The Sandton-based tax consultancy said tax relief measures like temporary tax rebates or targeted deductions for first time homeowners, as is seen in some other countries, could alleviate some of the financial pressure.

It added that a carefully considered reduction in the repo rate could provide relief to those with existing bonds and other debts, increasing disposable income.

“Lowering borrowing costs would make it easier for new buyers to afford home loans and reduce financial strain on existing homeowners. However, this would require balancing inflationary pressures and economic growth considerations.”  

Tosen said implementing these reforms would require legislative amendments, fiscal adjustments and coordination between tax authorities, banks and financial institutions.

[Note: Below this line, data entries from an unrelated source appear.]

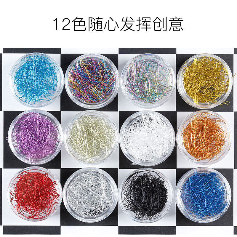 12 colour medecine gold wire suit gold and silver thread DIY nail decorations accessories with extremely fine metal thin wire strips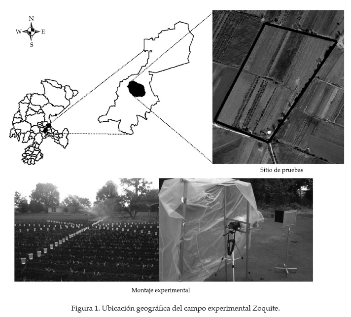 Los ensayos se realizaron dentro de un campo experimental ubicado en la comunidad de Zoquite, Guadalupe, Zacatecas (México), a unos 15 km de la capital del estado. Localizado entre las coordenadas geográficas 22º 48' 34" de latitud norte, 102º 26' 57" de longitud oeste y a una altura media sobre el nivel del mar de 2 100 m (figura 1). El lugar cuenta con una estación climatológica Vantage Pro2 de la casa comercial Davis Instruments; con ella se monitorea temperatura, radiación solar, humedad relativa y precipitación, así como dirección y velocidad del viento. La propiedad cuenta con un sistema de riego por aspersión en cobertura total, equipado con una bomba centrífuga horizontal de tres pulgadas en succión y descarga con un motor Siemens de 10 HP. El tipo de aspersor utilizado es de la casa comercial Waderain, Estados Unidos, 2007, modelo WR-33, con inclinación de 27° respecto a la horizontal y con dos boquillas; la principal de 3.97 mm y la secundaria de 3.18 mm sin vaina prolongadora del chorro. Las presiones hidráulicas evaluadas fueron 150, 200, 250 y 300 kPa, y las características de las gotas se midieron en puntos de observación separados 3, 6, 9 y 12 m desde el aspersor. Se eligieron alturas de 1.65 y 2. 55 m entre la superficie del suelo y el centro del aspersor para llevar a cabo los experimentos.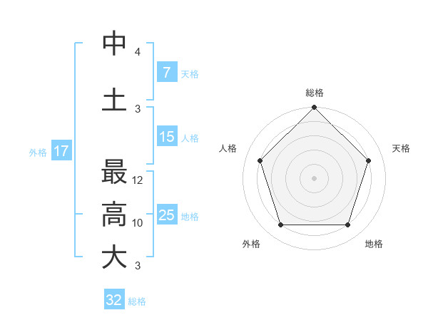 中土 最高大さんの総格は32画の5点!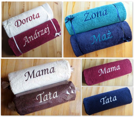 Ta aukcja i cena dotyczą kompletu 2 szt. ręczników 70x140 cm w KOSZU, z Twoim haftem w postaci imienia lub dowolnego 1 SŁOWA (bez grafiki).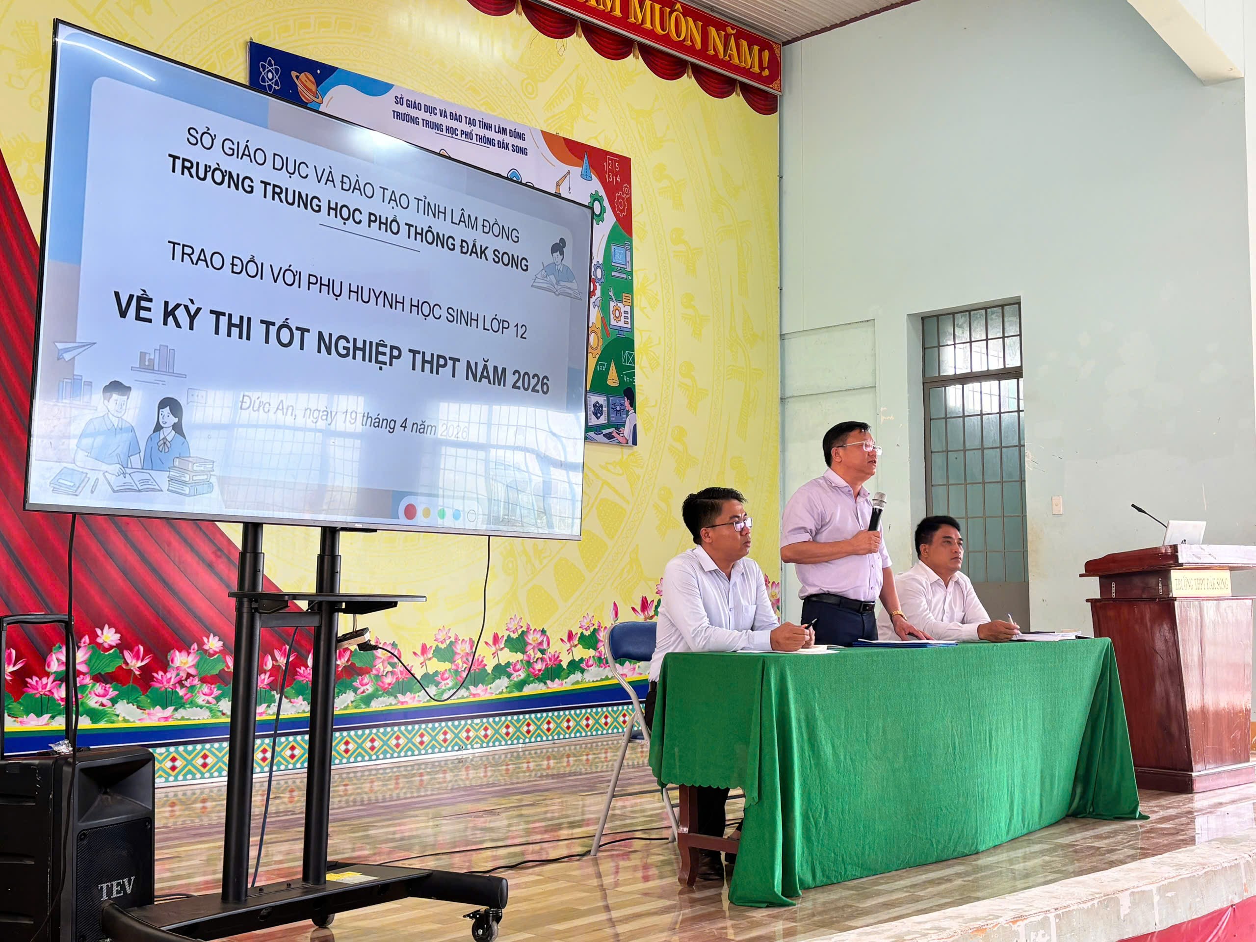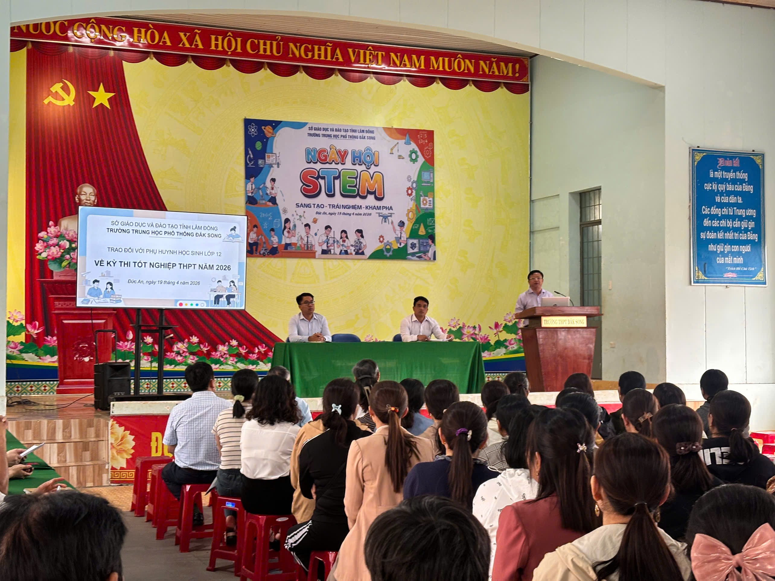 Sáng ngày 19/4/2026, Trường THPT Đắk Song đã tổ chức buổi họp toàn thể phụ huynh học sinh khối 12 trong không khí nghiêm túc, trách nhiệm, với sự tham dự của Ban Giám hiệu, giáo viên chủ nhiệm và đông đảo phụ huynh.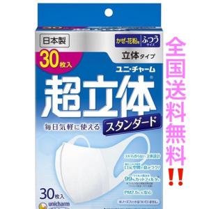 2箱以上、送料無料。沖縄,離島は別途送料がかかります。) 超立体マスク スタンダードふつうサイズ30枚入unicharm ユニチャーム 1個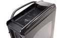 Extern vallen direct de aluminium handgrepen en staanders op, kenmerkend voor deze lijn. Achter het grote mesh front gaan twee 12 cm ventilators schuil. De bovenste daarvan reikt tot de onderste 5,25” ruimte, die dus niet bruikbaar is in de standaardconfiguratie. Aan de bovenrand bevinden zich de front-aansluitingen, verborgen achter een luikje. Verder treffen we aan de bovenzijde nog een 14 cm ventilator, en nog een 12 cm exemplaar aan de achterkant. Het linkerpaneel bevat een flink venster.

“Policymakers would need to weigh the revenue impact on government finances against the long-term benefits of maintaining a stable property market and supporting homeownership while ensuring inflation remains under control.”  

The firm said that the failure to adjust personal income tax brackets for inflation in the 2025/26 tax year will reduce the disposable income of both middle and high earners. For middle-income earners, it said it could mean tighter budgets, making it harder to afford bond payments or to qualify for home loans due to higher debt-to-income ratios. It added that some may delay purchasing homes or downsize their housing expectations. 

On the other end, it said high-income earners may find themselves paying significantly more in taxes, reducing their ability to invest in higher-end properties or second homes, which could slow down activity in the luxury housing market. By extension, Tosen said that the property sector may experience reduced demand, potential stagnation in property price growth and slower overall market activity.